Include with attribution — wrong; attribution doesn't satisfy the NC restriction.
Last-Minute Facts
Evaluation and Monitoring
Must-Know Facts
- mlflow.evaluate() key parameters: model or predictions, data (eval dataset), targets (column name for ground truth, required for answer_correctness/exact_match), extra_metrics or evaluators. Results auto-logged as MLflow run artifacts.
- LLM-judge metrics (no ground truth needed): faithfulness (response vs. context), answer_relevance (response vs. question), harmfulness, coherence, fluency. The judge LLM must be accessible from the evaluation environment.
- Ground truth metrics (require labeled data): answer_correctness, exact_match, ROUGE-1, ROUGE-2, ROUGE-L, BLEU. The exam trap: teams often choose BLEU for RAG quality because it sounds rigorous, but BLEU is a machine translation metric — it is a wrong fit for RAG. Use ROUGE or LLM-judge metrics for RAG evaluation.
- Inference Tables: auto-log ALL request/response payloads to a Delta table. Enabled per endpoint. Purpose: quality monitoring, drift detection, offline evaluation, debugging bad responses. Adds slight latency and storage cost.
- Usage Tables (AI Gateway): log TOKEN CONSUMPTION and COST per request. The exam trap: questions describe a cost overrun scenario and list Inference Tables as an answer choice — Inference Tables record PAYLOADS, not costs. Only Usage Tables give token counts and cost estimates. Separate tables, separate purposes.
- Agent Monitoring (Lakehouse Monitoring): analyzes inference table data over time. Tracks quality metrics, latency distributions, error rates, token usage trends. Post-deployment, historical, NOT real-time alerting by default.
- Custom Databricks Scorers: user-defined Python evaluation functions registered in MLflow. Use when built-in metrics don't cover domain-specific quality criteria (e.g., correct medical terminology, industry jargon accuracy, regulatory compliance language).
- SME feedback loop: collect expert ratings on agent responses → identify systematic prompt weaknesses → update prompts and/or RAG source content → re-evaluate. SME feedback improves the application layer, not the base model weights (unless used for fine-tuning).
Common Traps
Confusing Pairs
Scenario Tips
Team wants to measure whether RAG responses are supported by context. They have no labeled reference answers. Which metric?
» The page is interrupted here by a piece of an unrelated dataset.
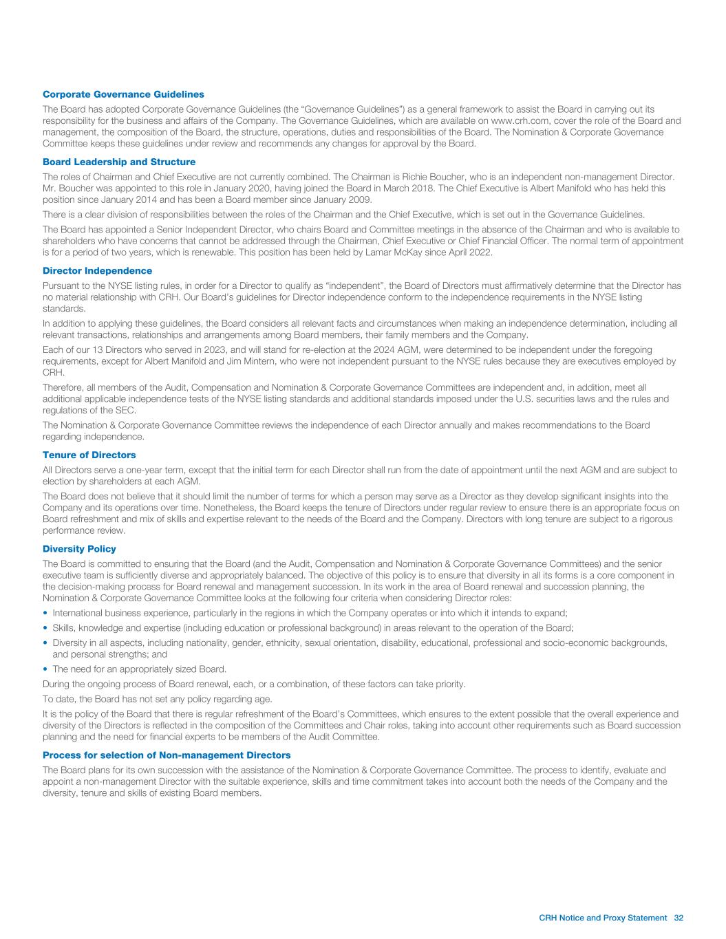 Corporate Governance Guidelines The Board has adopted Corporate Governance Guidelines (the “Governance Guidelines”) as a general framework to assist the Board in carrying out its responsibility for the business and affairs of the Company. The Governance Guidelines, which are available on www.crh.com, cover the role of the Board and management, the composition of the Board, the structure, operations, duties and responsibilities of the Board. The Nomination & Corporate Governance Committee keeps these guidelines under review and recommends any changes for approval by the Board. Board Leadership and Structure The roles of Chairman and Chief Executive are not currently combined. The Chairman is Richie Boucher, who is an independent non-management Director. Mr. Boucher was appointed to this role in January 2020, having joined the Board in March 2018. The Chief Executive is Albert Manifold who has held this position since January 2014 and has been a Board member since January 2009. There is a clear division of responsibilities between the roles of the Chairman and the Chief Executive, which is set out in the Governance Guidelines. The Board has appointed a Senior Independent Director, who chairs Board and Committee meetings in the absence of the Chairman and who is available to shareholders who have concerns that cannot be addressed through the Chairman, Chief Executive or Chief Financial Officer. The normal term of appointment is for a period of two years, which is renewable. This position has been held by Lamar McKay since April 2022. Director Independence Pursuant to the NYSE listing rules, in order for a Director to qualify as “independent”, the Board of Directors must affirmatively determine that the Director has no material relationship with CRH. Our Board’s guidelines for Director independence conform to the independence requirements in the NYSE listing standards. In addition to applying these guidelines, the Board considers all relevant facts and circumstances when making an independence determination, including all relevant transactions, relationships and arrangements among Board members, their family members and the Company. Each of our 13 Directors who served in 2023, and will stand for re-election at the 2024 AGM, were determined to be independent under the foregoing requirements, except for Albert Manifold and Jim Mintern, who were not independent pursuant to the NYSE rules because they are executives employed by CRH. Therefore, all members of the Audit, Compensation and Nomination & Corporate Governance Committees are independent and, in addition, meet all additional applicable independence tests of the NYSE listing standards and additional standards imposed under the U.S. securities laws and the rules and regulations of the SEC. The Nomination & Corporate Governance Committee reviews the independence of each Director annually and makes recommendations to the Board regarding independence. Tenure of Directors All Directors serve a one-year term, except that the initial term for each Director shall run from the date of appointment until the next AGM and are subject to election by shareholders at each AGM. The Board does not believe that it should limit the number of terms for which a person may serve as a Director as they develop significant insights into the Company and its operations over time. Nonetheless, the Board keeps the tenure of Directors under regular review to ensure there is an appropriate focus on Board refreshment and mix of skills and expertise relevant to the needs of the Board and the Company. Directors with long tenure are subject to a rigorous performance review. Diversity Policy The Board is committed to ensuring that the Board (and the Audit, Compensation and Nomination & Corporate Governance Committees) and the senior executive team is sufficiently diverse and appropriately balanced. The objective of this policy is to ensure that diversity in all its forms is a core component in the decision-making process for Board renewal and management succession. In its work in the area of Board renewal and succession planning, the Nomination & Corporate Governance Committee looks at the following four criteria when considering Director roles: • International business experience, particularly in the regions in which the Company operates or into which it intends to expand; • Skills, knowledge and expertise (including education or professional background) in areas relevant to the operation of the Board; • Diversity in all aspects, including nationality, gender, ethnicity, sexual orientation, disability, educational, professional and socio-economic backgrounds, and personal strengths; and • The need for an appropriately sized Board. During the ongoing process of Board renewal, each, or a combination, of these factors can take priority. To date, the Board has not set any policy regarding age. It is the policy of the Board that there is regular refreshment of the Board’s Committees, which ensures to the extent possible that the overall experience and diversity of the Directors is reflected in the composition of the Committees and Chair roles, taking into account other requirements such as Board succession planning and the need for financial experts to be members of the Audit Committee. Process for selection of Non-management Directors The Board plans for its own succession with the assistance of the Nomination & Corporate Governance Committee. The process to identify, evaluate and appoint a non-management Director with the suitable experience, skills and time commitment takes into account both the needs of the Company and the diversity, tenure and skills of existing Board members. CRH Notice and Proxy Statement 32
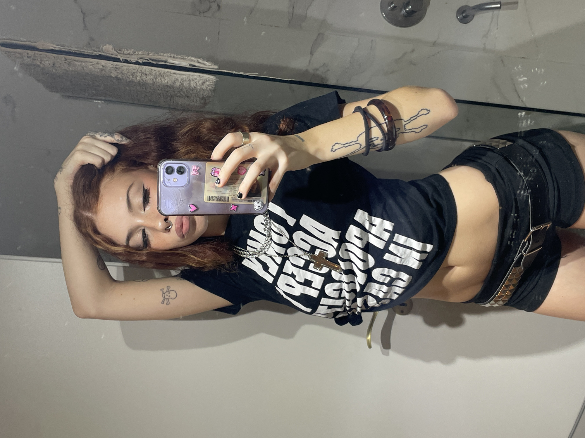 A young woman stands in a bathroom, facing a mirror and holding a smartphone to take a selfie. She has light brown hair with blonde highlights. Her tattoos include a skull and crossbones on her left arm and a stick figure design on her right arm. She wears a black T-shirt, black shorts, and a studded belt. A silver chain with a gold cross hangs around her neck. The bathroom has white marble walls and stainless steel fixtures. A glass shelf with a cleaning tool sits above the mirror. The location is likely a private residence. The city of Buenos Aires, Argentina, cannot be confirmed from this image.

faithfulness — LLM-judge metric, no ground truth needed, specifically measures grounding in retrieved context.
answer_correctness requires ground truth reference answers and is wrong here.
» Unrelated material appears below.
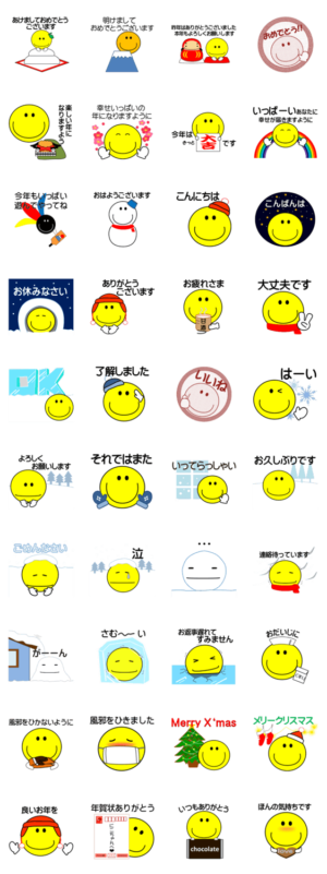 年賀の挨拶、年賀状、雪、風邪、バレンタイン、クリスマス、大みそかなど冬のイベント満載! 大きな文字で人の優しい日常会話のスタンプ。 にこちゃん(スマイル君)
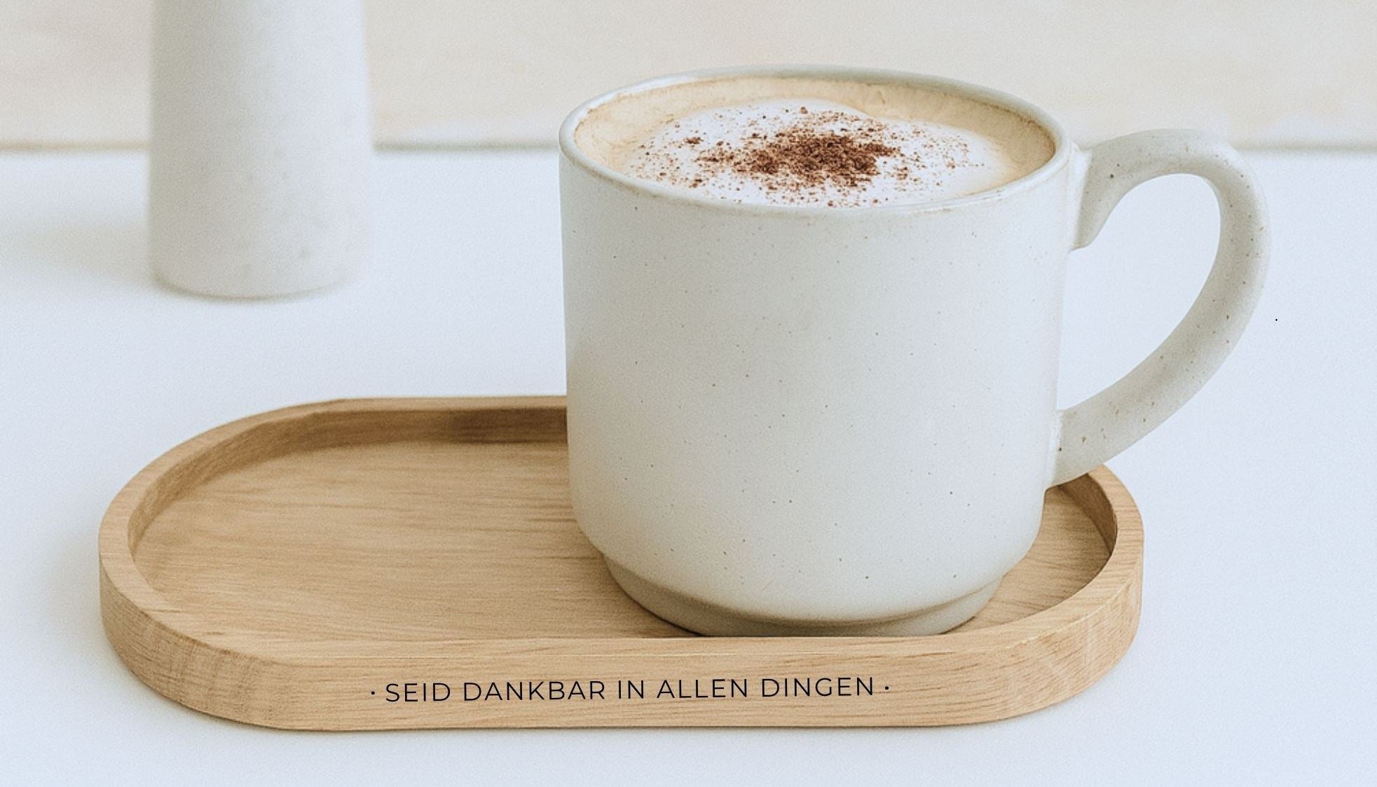 Dezent am Rand eingraviert, erinnert der Schriftzug "Seid dankbar in allen Dingen" daran, im Alltag eine Haltung der Dankbarkeit zu bewahren.

Team notices LLM costs are much higher than projected. Which Databricks feature to identify the most expensive queries?
AI Gateway Usage Tables — logs token consumption per request, enables identifying which query patterns consume the most tokens.
Inference Tables log payloads (content), not token costs. MLflow Tracing inspects individual runs, not aggregate cost patterns.
Team needs to evaluate whether responses use correct domain-specific medical terminology. Built-in MLflow metrics don't cover this. What to use?
Custom Databricks Scorer — a user-defined Python evaluation function registered in MLflow with a medical terminology rubric.
Switching to a larger LLM model — this might improve terminology knowledge but does not EVALUATE the current model's output quality.